At the conclusion of the course, you should be able to:
• recognise the problems and difficulties associated with investment and development o residential property.
• logically discuss the base feasibility questions associated with residential property development and investment feasibility as proposed by Prof. James Graaskamp, University of Wisconsin.
• differentiate between levels of journal and navigate the Internet to find appropriate material.
• construct a basic literature review to standards expected of first year university students, together with a bibliography presented in the accepted format (AusInfo, (1994 or later), “Style Manual for authors, editors and printers”, Commonwealth of Australia.)
• recognise the importance of strategic thinking and action within the property industry.
This will be achieved through you undertaking the reading, referencing, reflection and study required and the assignment work that will be provided to you separately in the book Property Concepts 2008 Edition.
Overview of Learning Activities
This course is run as a theory-based lecture and tutorial series, underpinned by references to case studies and the body of knowledge. It relies on you undertaking the base reading, as directed, in the non-contact hours each week prior to the lecture. It is a core unit, and deals with the fundamental elements of real estate. You are therefore required to demonstrate an understanding of the material covered as it forms an important base knowledge for future courses throughout the program.

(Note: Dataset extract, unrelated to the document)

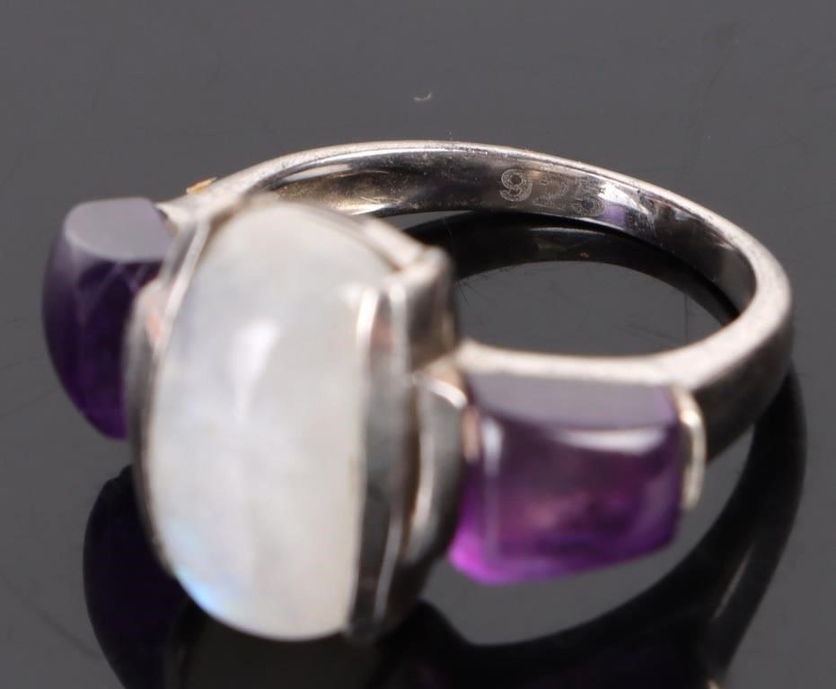 Sterling silver amethyst opal ladies ring to include two cabochon amethyst and one cabochon opal.
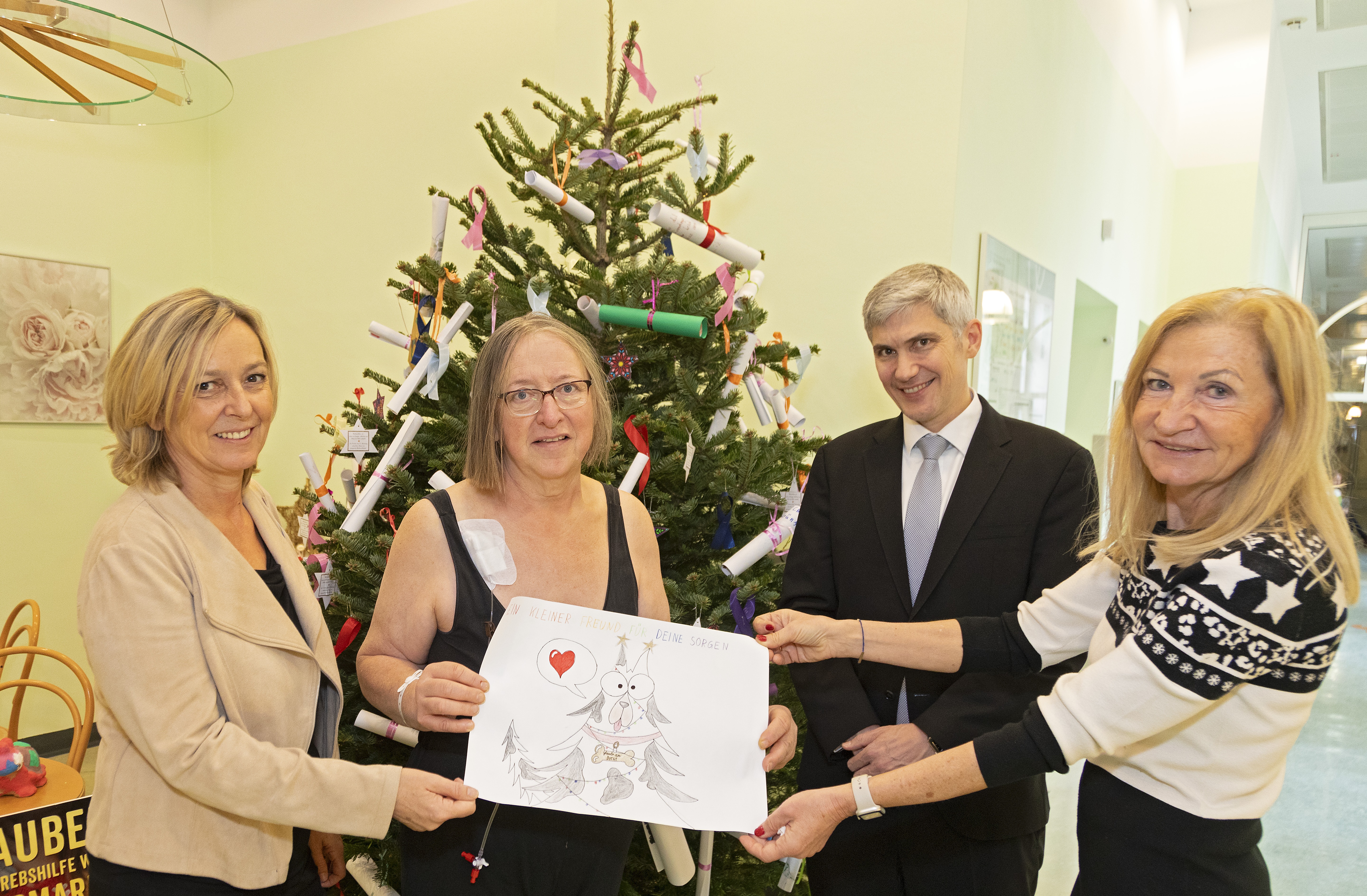 Im Rahmen einer Kooperation zwischen Krebshilfe Wien, Klinik Hietzing und Wiener Volksschulen wurde Krebspatient:innen ein Christbaum mit 200 Herzenswünschen von Kindern geschenkt.

This is a 12-credit point course, which means that your total weekly work commitment over the 12-week semester (including class) is assumed to be 12 hours. This includes classes, tutorials, visits, assignment work and study. It is an estimate only, and the actual hours required may vary from week to week.
Overview of Learning Resources
You will require a pre-programmed financial calculator: it will be assumed that you are familiar with the functions of the Hewlett Packard 10BII calculator, so you will need to work through the instructions and exercises that are included with the calculator. This will be further required in Investment Evaluation, Property Investment and Feasibility Studies.
You will need to access journals and books from the RMIT libraries (and other libraries as appropriate) in print and electronic form.
You will need to access your student email account regularly, or organize its setup appropriately to forward material, in order to retrieve electronically distributed handout materials.
A detailed companion book Property Concepts, 2008 Edition is available electronically to all enrolled students via the RMIT Online site. This book includes the weekly program, assignment topic and other important information relating to the running of the classes, tutorial tests, tutorial questions and the direction your study needs to take. It has detail in respect of the lectures and also includes examples of past examination papers.
Overview of Assessment
Assessment in this course comprises four tutorial tests, a major assignment and a final examination, all of which will focus on the learning outcomes discussed above.
You must achieve an overall mark of at least 50% to pass the course, however you must also gain a minimum of 40% for the major assignment and the final examination in order to gain a pass. Standard university grades apply for this course.
The method of assessment (including submission dates) in the course guide may be altered by the lecturer with the agreement of 70% of the students enrolled in the course. Any alterations will be notified to all students concerned in writing. You must achieve an overall mark of at least 50%, Gradings are those standard for the university, as detailed later in this Course Guide.